Aquí junto al Club de Stalkers de Toto. División Lara

Ya tarde en la noche, encorbatado y gozando de un matrimonio entre amigos donde a nadie le importa mi libro (porque para eso están los amigos), me puse a pensar en que la gran lección que me llevo de Barquisimeto es que el buen humor es una necesidad en este país como lo es el aceite. Todos queremos tener treinta minutos al día para reírnos de nosotros mismos, de nuestras costumbres y de todo lo que nos hace ser como somos.

Vivimos constantemente en una fila, diciendo “¡qué bolas!” con cada noticia que sale de la boca del Gobierno y rezando para que un día la normalidad llegue a ser la norma y no la excepción. Ese día llegará. Mientras tanto, Barquisimeto me comprobó que cualquier puede ponerse un sombrero y tener una hora loca. Sin importar de donde venga, la verdad es que el venezolano lo único que busca más que la paz, es reír con alegría.

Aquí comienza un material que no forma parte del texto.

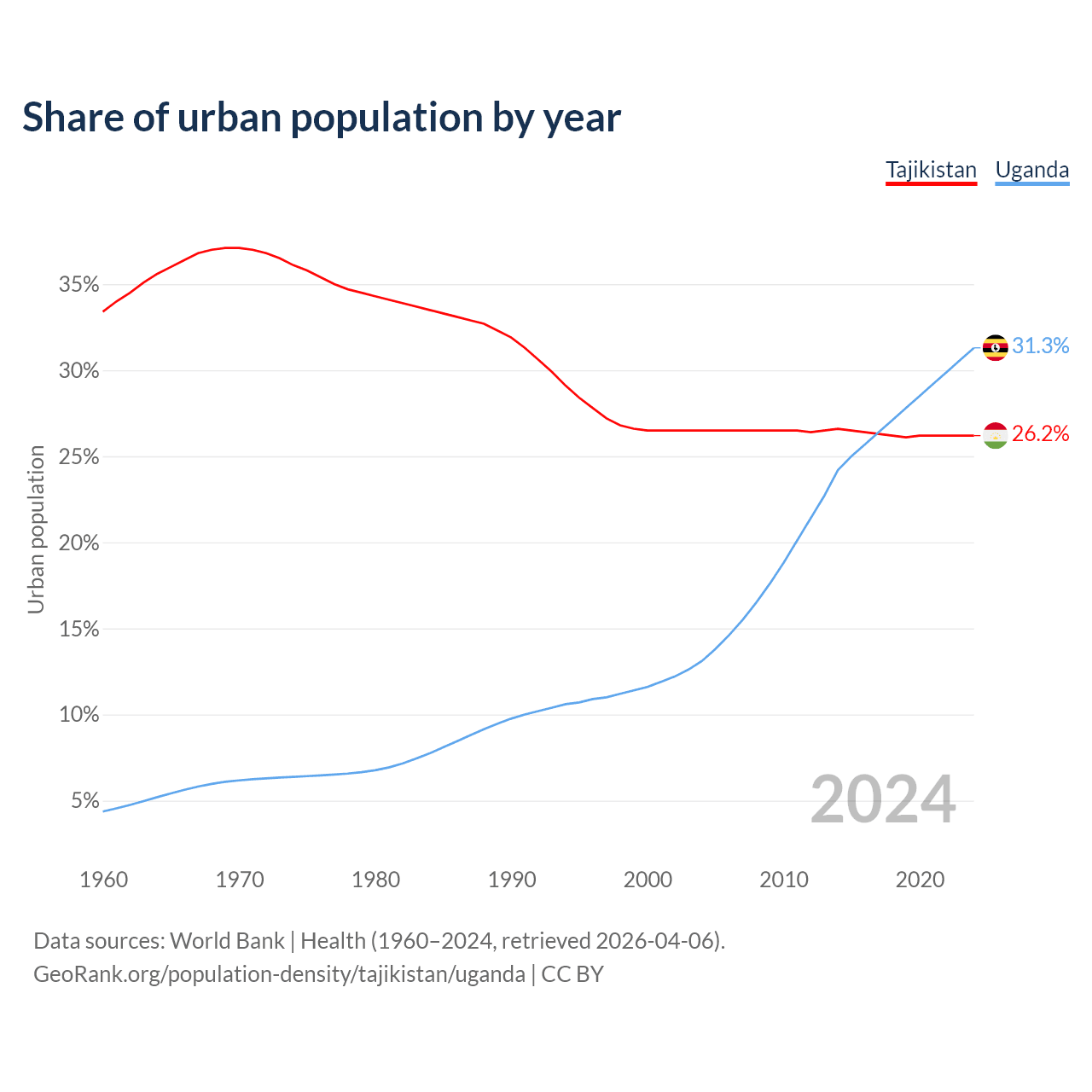 From 2004 to 2024, the share of urban population changed from 26.5% to 26.2% in Tajikistan and from 13.1% to 31.3% in Uganda.

Y yo estoy plenamente contento con que así sea.

¡Gracias Barquisimeto y todos los que fueron a la presentación!

1 comment:

Alejandrina Sosa Marante said...

Chico, menos mal que no habia una joyeria al lado de la libreria, porque ni la bella calva te hubiese salvado de mi negativa, si llegabas a pedirme matrimonio con un anillo que si de oro amarillo o rosado.

Mi novio por lo menos ya sabe que tiene que ser de oro blanco. Y mira tú, también es calvo.


Genial verte.

Un beso,


Nina, la de Everybody-talks-about-my-blog shirt.